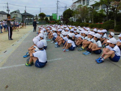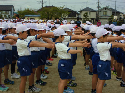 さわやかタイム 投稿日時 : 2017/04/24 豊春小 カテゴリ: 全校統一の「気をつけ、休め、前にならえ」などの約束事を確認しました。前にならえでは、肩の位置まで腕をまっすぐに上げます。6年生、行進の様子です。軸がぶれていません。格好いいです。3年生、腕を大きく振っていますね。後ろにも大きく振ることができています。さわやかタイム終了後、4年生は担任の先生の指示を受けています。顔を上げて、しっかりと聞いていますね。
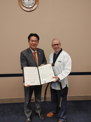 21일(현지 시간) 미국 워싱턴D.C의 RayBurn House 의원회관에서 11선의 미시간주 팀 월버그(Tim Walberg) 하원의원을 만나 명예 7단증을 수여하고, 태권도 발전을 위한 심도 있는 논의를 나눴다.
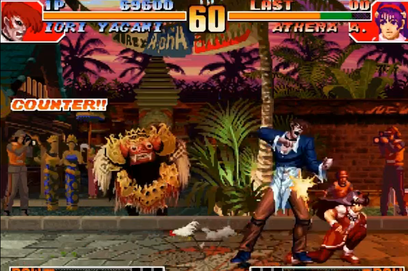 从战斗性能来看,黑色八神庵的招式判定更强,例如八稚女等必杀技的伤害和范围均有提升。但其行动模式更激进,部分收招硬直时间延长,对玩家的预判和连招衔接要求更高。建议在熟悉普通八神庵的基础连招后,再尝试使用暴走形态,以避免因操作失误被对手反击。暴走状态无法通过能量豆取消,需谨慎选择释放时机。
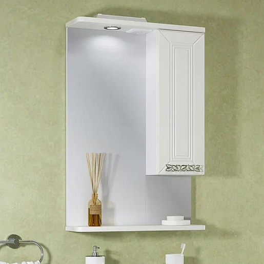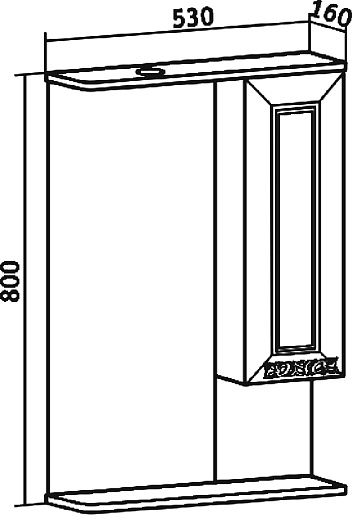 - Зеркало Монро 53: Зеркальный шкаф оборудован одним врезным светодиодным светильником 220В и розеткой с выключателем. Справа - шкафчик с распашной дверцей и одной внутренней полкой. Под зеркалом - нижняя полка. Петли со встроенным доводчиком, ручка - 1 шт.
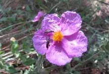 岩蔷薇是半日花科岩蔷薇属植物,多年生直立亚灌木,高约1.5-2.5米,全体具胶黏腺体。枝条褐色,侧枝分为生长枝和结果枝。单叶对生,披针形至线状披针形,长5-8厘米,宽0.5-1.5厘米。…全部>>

- [EXERCISE INSTRUCTIONS] Across the whole listing, reproduce each line verbatim and exclude every picture.

- [FINISHED EXERCISE]
 さわやかタイム 投稿日時 : 2017/04/24 豊春小 カテゴリ: 全校統一の「気をつけ、休め、前にならえ」などの約束事を確認しました。前にならえでは、肩の位置まで腕をまっすぐに上げます。6年生、行進の様子です。軸がぶれていません。格好いいです。3年生、腕を大きく振っていますね。後ろにも大きく振ることができています。さわやかタイム終了後、4年生は担任の先生の指示を受けています。顔を上げて、しっかりと聞いていますね。
 21일(현지 시간) 미국 워싱턴D.C의 RayBurn House 의원회관에서 11선의 미시간주 팀 월버그(Tim Walberg) 하원의원을 만나 명예 7단증을 수여하고, 태권도 발전을 위한 심도 있는 논의를 나눴다.
 从战斗性能来看,黑色八神庵的招式判定更强,例如八稚女等必杀技的伤害和范围均有提升。但其行动模式更激进,部分收招硬直时间延长,对玩家的预判和连招衔接要求更高。建议在熟悉普通八神庵的基础连招后,再尝试使用暴走形态,以避免因操作失误被对手反击。暴走状态无法通过能量豆取消,需谨慎选择释放时机。
 - Зеркало Монро 53: Зеркальный шкаф оборудован одним врезным светодиодным светильником 220В и розеткой с выключателем. Справа - шкафчик с распашной дверцей и одной внутренней полкой. Под зеркалом - нижняя полка. Петли со встроенным доводчиком, ручка - 1 шт.
 岩蔷薇是半日花科岩蔷薇属植物,多年生直立亚灌木,高约1.5-2.5米,全体具胶黏腺体。枝条褐色,侧枝分为生长枝和结果枝。单叶对生,披针形至线状披针形,长5-8厘米,宽0.5-1.5厘米。…全部>>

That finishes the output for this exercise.